#### TASK INPUTS
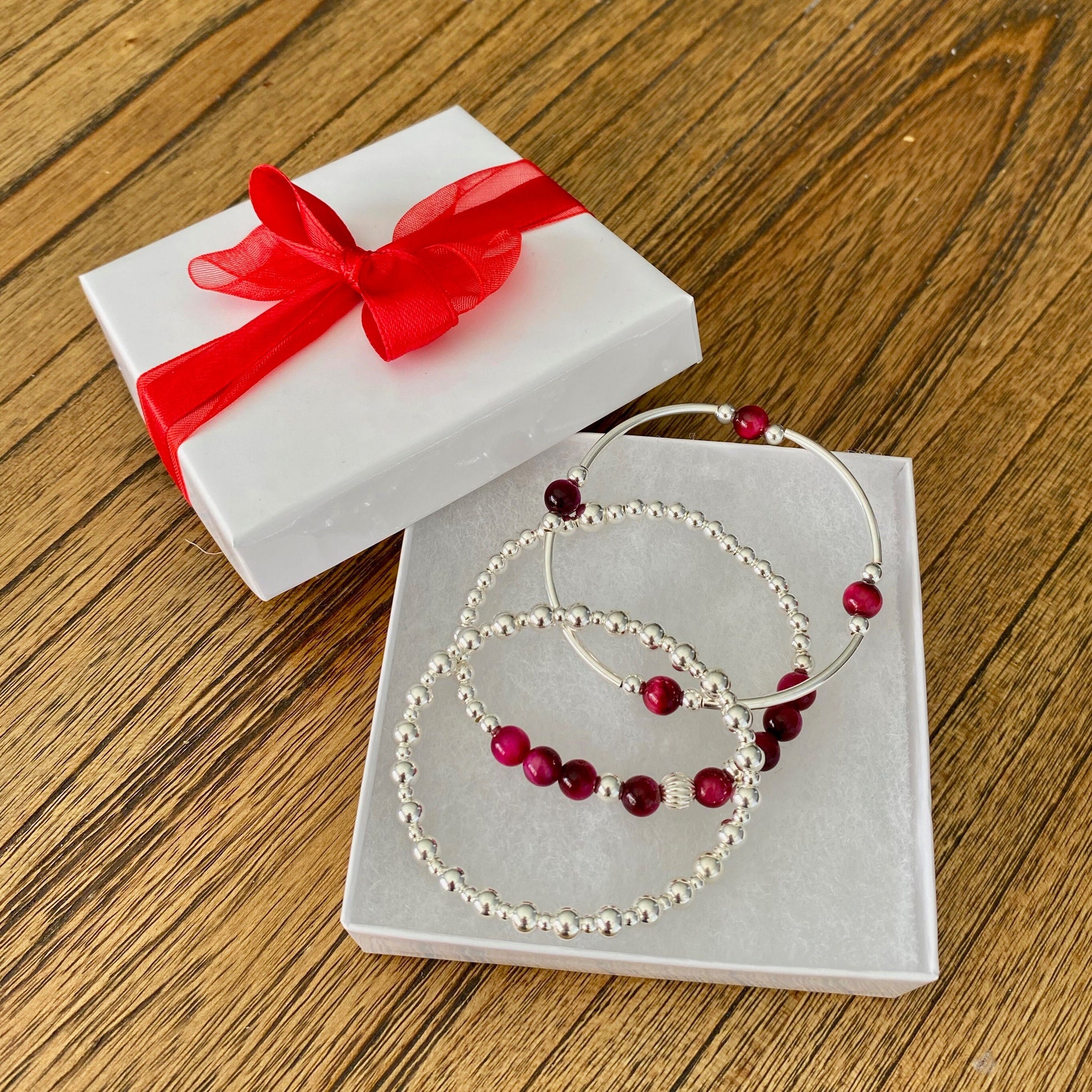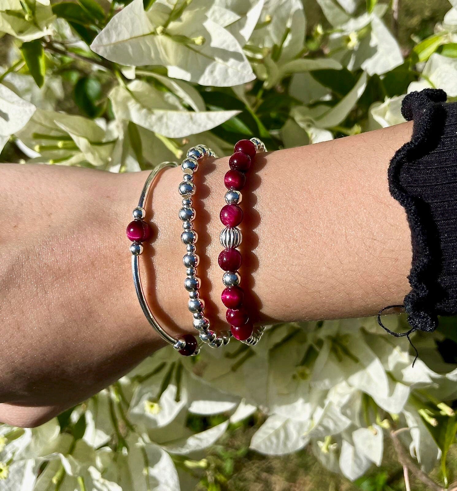 Pink Tiger Eye Sterling Silver Beaded Bracelet Layering Gift for Women
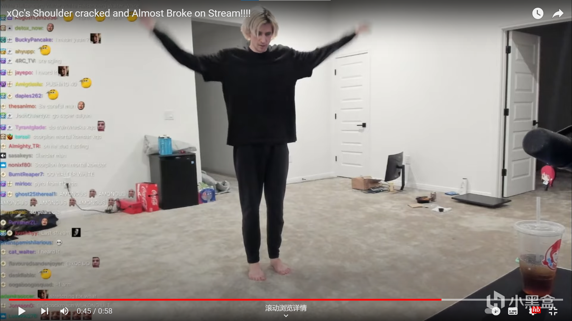 xQc 演示了他的手臂做伸展动作的样子,这使得他的肩膀发出咔哒声。“我的肩膀现在又卡进去了,这应该是就位了,对吧?”
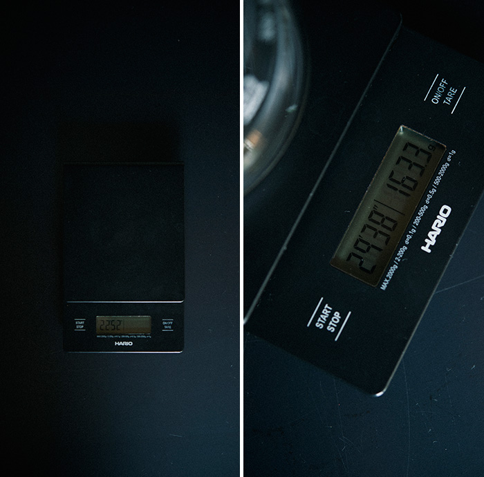 コーヒー豆の量とお湯の量、抽出時間を同時に計測出来る、ハンドドリップの為のスケールです。この上にサーバーと粉を入れたドリッパーを置いて0gにし、タイマーをスタートさせると、淹れたい量と抽出時間を正確に把握出来ます。
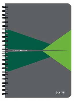 Spirálfüzet, A5, kockás, 90 lap, PP borító, LEITZ "Office", szürke-zöld
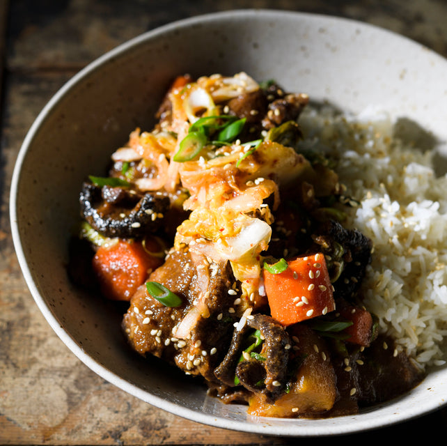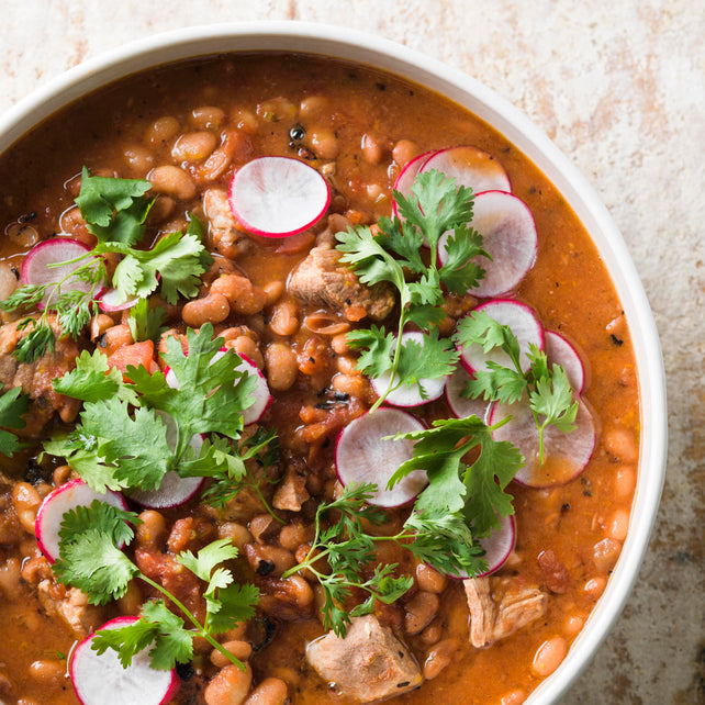 Pressure cooking puts the stew on the table in minutes; crisp radishes, habanero heat and lime brighten the meal.
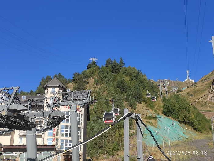 Тырныауз находится на высоте 1300метров над уровнем моря, а стартовая площадка канатной дороги, поднимающей желающих на Эльбрус – на уровне 2300метров. И в Тырныаузе и, тем более, у подножия Эльбруса из-за высоты довольно прохладно. Я ночевал две ночи на стоянке у Эльбруса и по ночам просыпался от холода, было всего 1-4 градуса.
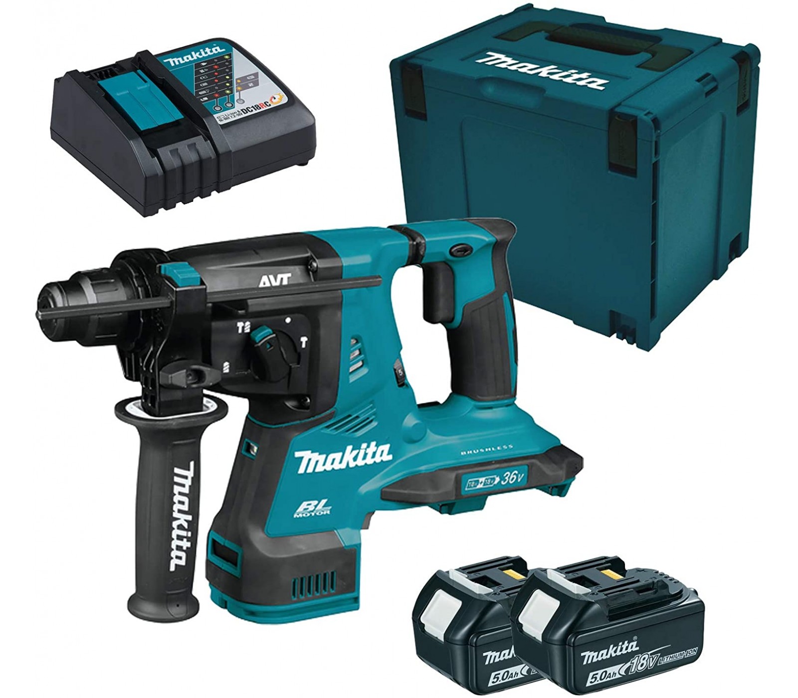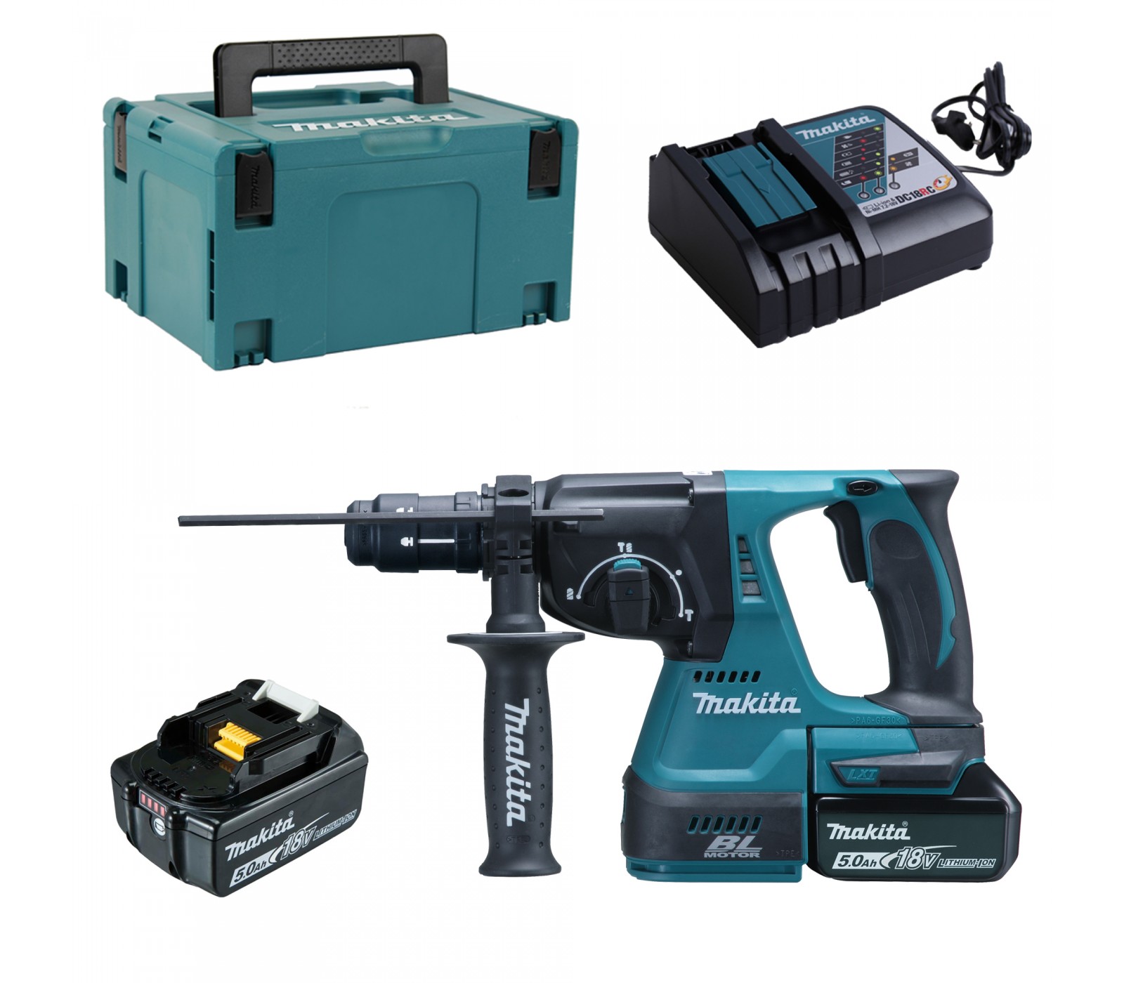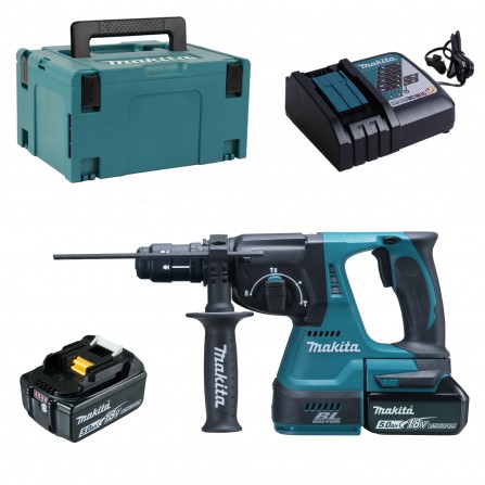 Zestaw akumulatorowego młota udarowo-obrotowego DHR243RTJ, 18 V, SDS-Plus, 2 x 5 Ah, ładowarka + walizka
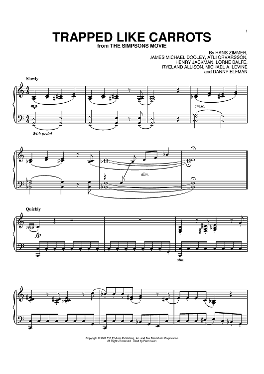 Digital Sheet Music for Trapped Like Carrots by Danny Elfman, Hans Zimmer, Henry Jackman, Ryeland Allison, Lorne Balfe, Jim Dooley, Michael A. Levine, Atli Orvarsson scored for Piano Solo; id:402356
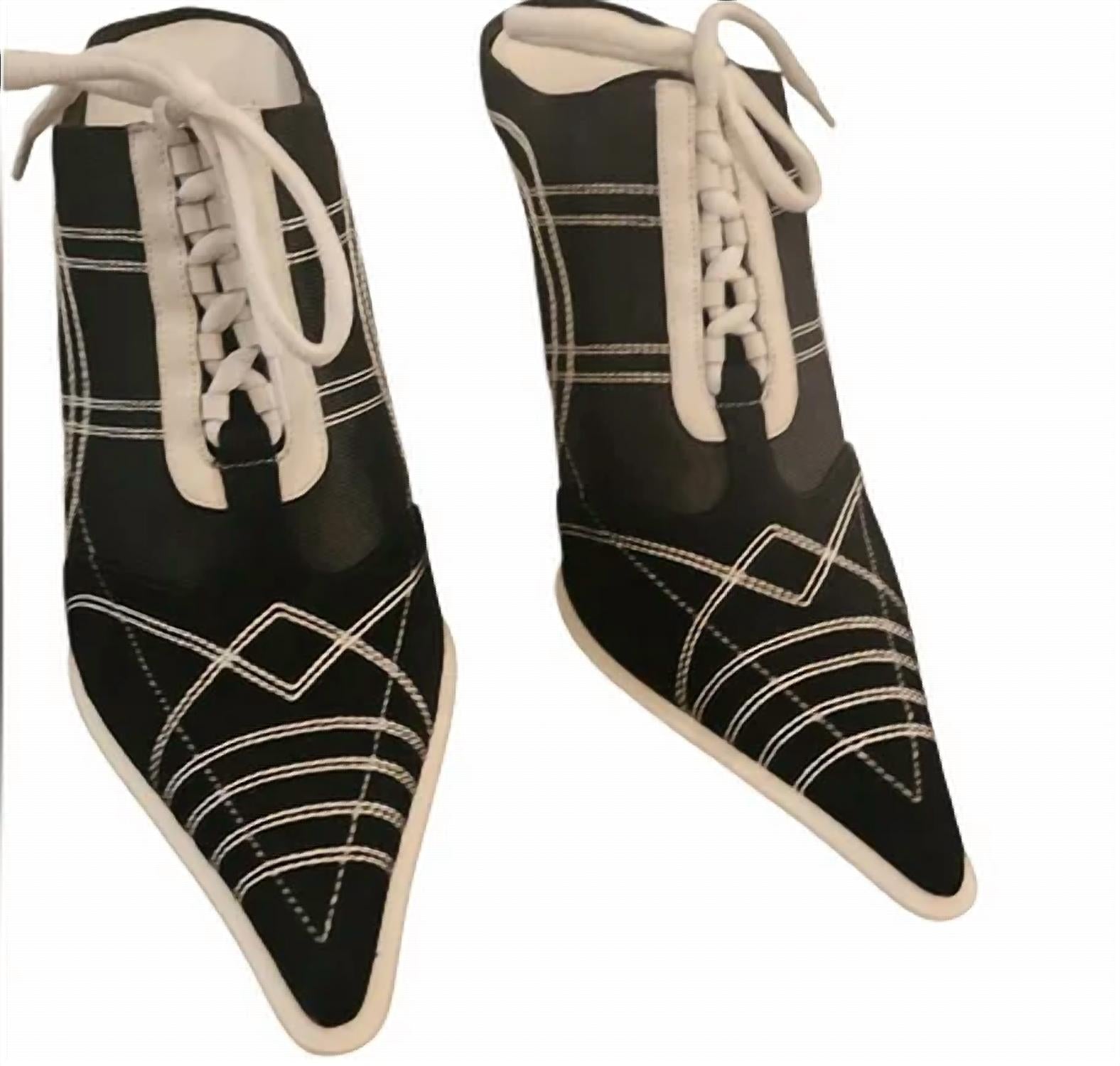 Step out in style with the Women's Lets Rally Mule by Jeffrey Campbell, a chic blend of black and white in a 90s-inspired design. Crafted from faux leather, these mules feature a sophisticated pointed toe and a striking stiletto heel that measures a high 3.5 inches. Perfect for game day or any spring occasion, these shoes are the ultimate fashion statement for the modern woman. Experience the elegance and allure of these must-have mules for your wardrobe.
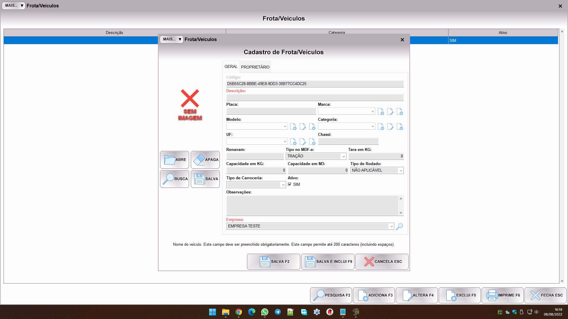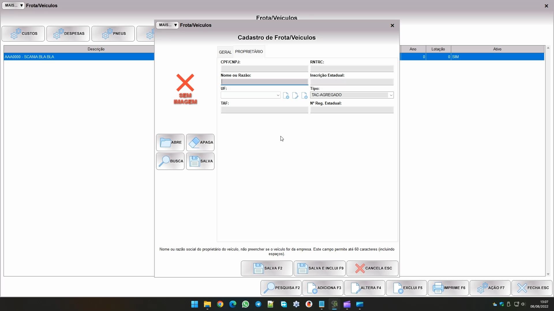 Ao incluir um veículo nos segmentos de frota e fretamento, você verá um cadastro parecido com este:
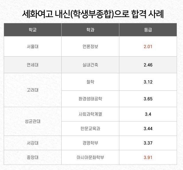 대치독재 대입컨설팅 휘쌤만의 세화여고 관리는
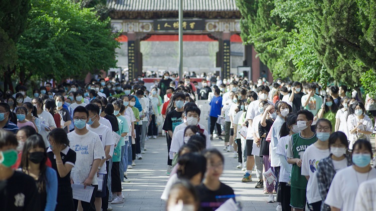 晉城一中考點(diǎn)外,考生等待入場(chǎng)。張偉攝
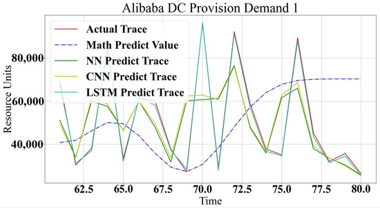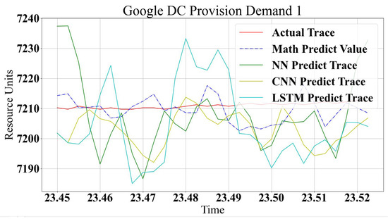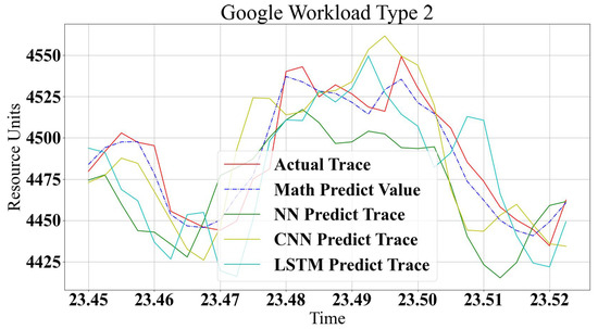 The proposed models are implemented using Python 3.7.8, Numpy library version 1.19.5 and Google tensorflow 2.4.1. The analytical model is built based on the Google Log traces and has been used to test the machine learning model. Google trace describes the demands of jobs and tasks as in the workload modeling. The resource demands do not follow one type of characteristic. Two workload types are used to test the proposed modeling methods. Figure 10 and Figure 11 show a comparison between the three machine learning models’ prediction accuracy compared to the analytical method. It is clear that all methods show good prediction values with minor deviations. The analytical approach shows closer predicted values to the real trace, especially in a trace that changes quickly, such as in Figure 11. However, Figure 10 shows that ML methods are closer to a real trace. Overall, all methods show good accuracy for all types of workloads, with some variation in the prediction accuracy. This is according to logs and modeling characteristics. In non-repeated logs, it is noted that LSTM strangles rapidly predicted non-periodic changes in traces, but, on the other hand, it is a very accurate prediction scheme for similar rhythmic logs. CNN is excellent for most cases but shows a shortage in small changes predictions. NN can be more generic for all types of logs and behavior schemes without any preferable accuracy for any type of workload.
########
WHAT IS BEING ASKED
Print the data above exactly, from its first line to the line bearing "コーヒー豆の量とお湯の量、抽" inclusive, and keep pictures out of the result.

ANSWER SPACE
 Pink Tiger Eye Sterling Silver Beaded Bracelet Layering Gift for Women
 xQc 演示了他的手臂做伸展动作的样子,这使得他的肩膀发出咔哒声。“我的肩膀现在又卡进去了,这应该是就位了,对吧?”
 コーヒー豆の量とお湯の量、抽出時間を同時に計測出来る、ハンドドリップの為のスケールです。この上にサーバーと粉を入れたドリッパーを置いて0gにし、タイマーをスタートさせると、淹れたい量と抽出時間を正確に把握出来ます。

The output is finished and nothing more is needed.